Couples whose arguments for marriage equality will be heard by the U.S. Supreme Court this spring filed their opening briefs with the court Friday, the deadline for such filings.
Challenges to marriage bans in Michigan, Ohio, Kentucky, and Tennessee will be heard as a consolidated case by the high court in late April. The U.S. Court of Appeals for the Sixth Circuit upheld those states' bans in November, making it the only federal appellate court to do so. The Supreme Court agreed in January to hear the case.
The arguments the plaintiffs make in their briefs are similar but with some variance. The Ohio plaintiffs were the first to file their brief, Equality on Trial reports. They include four same-sex couples and two widowers. All were married in other states, but Ohio does not recognize their unions. "From the start of the marriage to the birth of children to the death of one spouse and beyond, Ohio erases the legal relationships of Petitioners' families," reads the introduction to the brief. "Ohio treats these spouses as legal strangers to one another and recognizes only one member of each couple as the legal parent to their children. Ohio even cruelly refuses to recognize Petitioners' marriages on death certificates when one spouse dies. Through its marriage recognition bans, Ohio strikes out at a class of individuals whose intimate, personal relationships have been afforded a solemn and special status by other states -- men and women who love and marry a person of the same sex."

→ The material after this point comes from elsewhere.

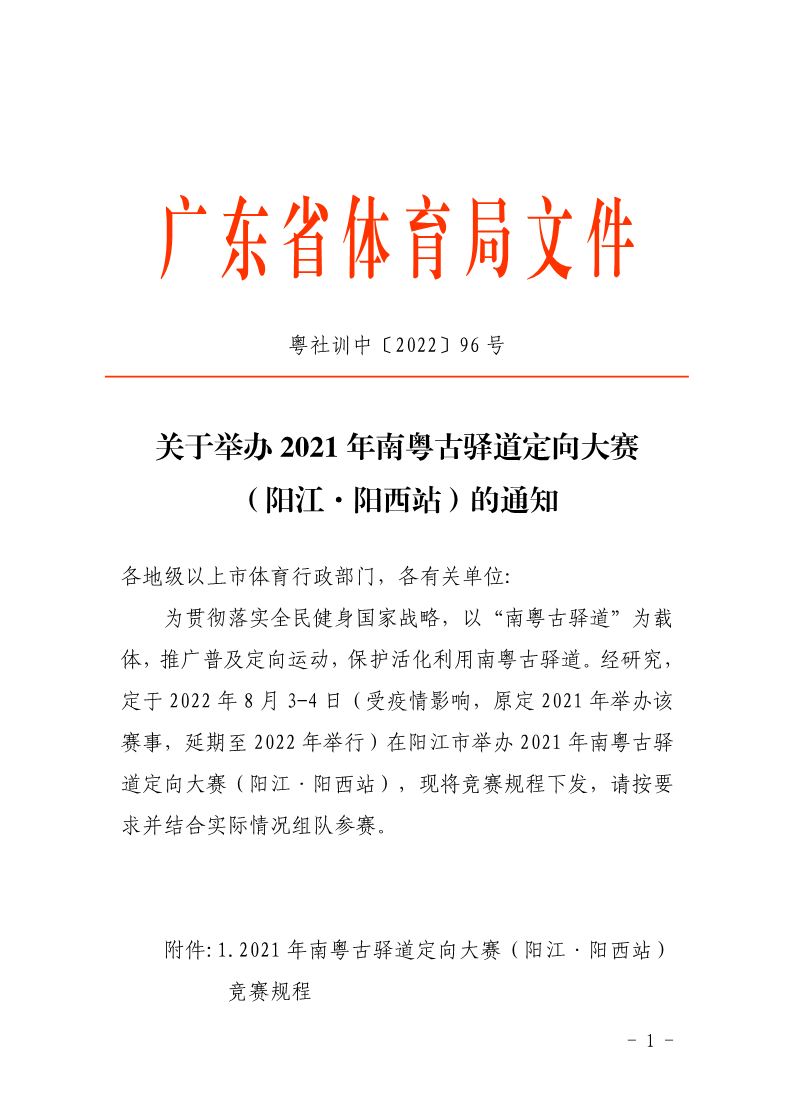 关于举办2021年南粤古驿道定向大赛(阳江·阳西站)的通知

The next came from the Tennessee plaintiffs, all couples married elsewhere who moved to Tennessee for job-related reasons. "For petitioners, therefore, the price of moving to Tennessee was loss of their legal status as married couples and as family members," the brief states. "This cost is also borne by their children, who find themselves without the protections and advantages arising from having married parents. Tennessee has long followed the 'place of celebration rule,' and recognizes marriages validly entered into outside the State, including those that could not validly be entered into within Tennessee, except where the marriage would be a crime within the State. Tennessee uniquely singles out for non-recognition the lawful out-of-state marriages of same-sex couples."
In Kentucky, the plaintiffs are two couples who sought marriage licenses in the state and four who were married elsewhere and seek recognition of their unions. Their brief notes the evolution of social attitudes and court decisions regarding discrimination based on race or sex, then states, "This Court's decisions regarding gay people and their intimate relationships have traced a similar arc. ... This Court has made clear that the Constitution forbids laws criminalizing intimate sexual conduct between persons of the same sex ... or excluding same-sex couples from the federal protections that come with marriage." It is time "to apply this principle to state laws excluding same-sex couples from the institution of marriage," the brief continues.
The Michigan plaintiffs are April DeBoer and Jayne Rowse, along with three of the adopted children they are bringing up. (Since their case began, they have adopted a fourth and are in the process of adopting a fifth child.) Because they cannot marry in Michigan, each of the children has only one legal parent. Two of the children qualified as special-needs children for a time, but all are thriving now, the brief states. It quotes experts who testified in the trial court that children of same-sex parents fare just as well in life as those of opposite-sex parents, and takes apart the "apples to oranges" comparison by Mark Regnerus, a sociologist who reached a different conclusion. "He compared children raised by intact, married opposite-sex couple parents with children raised by a parent who reported ever having had a romantic liaison with a person of the same sex, regardless of whether the other person ever lived with the child or the child even knew the other person. ... When Professor Regnerus' data are controlled for family stability, his data actually support the consensus that there is no difference in child outcomes based on parents' sexual orientation."
In all the briefs, attorneys argue "that justices should strike down laws not only in the those states on they basis they violate the Fourteenth Amendment, but issue a nationwide decision striking down all remaining state prohibitions on gay nuptials," as the Washington Blade puts it. The couples' attorneys also call for bans on same-sex marriage to be subjected to "heightened scrutiny, or a greater assumption those laws are unconstitutional," the Blade notes, given the likelihood of bias against gay, lesbian, and bisexual people.
Supporters of marriage equality who are not parties to the case are due to file their amicus, or friend of the court, briefs by March 6. Oral arguments have yet to be scheduled but are likely to take place the week of April 27, according to the Blade, with a decision expected by late June.